Forgive my hyperbole, but I was so shocked by Manon’s surprise exit from tonight’s Bake Off I’m still recovering from the whiplash.

While he’s been a clear front-runner throughout the series, judging from his performance this week I thought it was a done deal that Rahul would go. I was so certain I’d metaphorically brought his car around to the tent entrance with the engine still running; even he looked sure too, displaying the low level delirium (if there’s such a thing) of a person who’d fully come to terms with the state of play and was relieved to be done with it.

So why did Manon get voted out? The answer is I don’t really know. Paul Hollywood made a few references to her baking more like a French person than a Danish one tonight (which was the theme of the show) but even this feedback sound like it had been tacked on afterwards; her baking may have been a tad less complicated this week, but there’s still no reason to banish her when someone else had so clearly struggled under pressure this time.

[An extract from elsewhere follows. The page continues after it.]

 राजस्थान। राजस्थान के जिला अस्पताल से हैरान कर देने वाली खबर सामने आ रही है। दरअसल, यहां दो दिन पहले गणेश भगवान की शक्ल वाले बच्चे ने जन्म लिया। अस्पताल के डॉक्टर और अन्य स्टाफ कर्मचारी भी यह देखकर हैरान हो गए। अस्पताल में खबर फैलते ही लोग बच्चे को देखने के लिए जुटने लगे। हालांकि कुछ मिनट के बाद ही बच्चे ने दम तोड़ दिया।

While Rahul’s been lucky to be returning next week, he’d better use his resources to pull out all the stops next week or he’ll be relegated.


8:06PM: Rahul once jumped at his own shadow.

8:10PM: Another week in the Bake Off tent.

8:10PM: The Catcher in the Rye Bread.

8:12PM: "Briony and Rahul are playing a dangerous game"; it's called Russian Roulette.

8:21PM: "It just needs to be a little bit stiffer"; I've had a tough day.

8:22PM: Prue's a bitch, Prue's a bitch...she's Ebenezer bitch.

8:47PM: This week's signature challenge would be perfect for me as my best friend looks just like a Danish pastry. Well, they did.

8:48PM: "God, I'm so hot"; that what I always say.

9:13PM: What? WHAT?! ...did Rahul have something on the judges?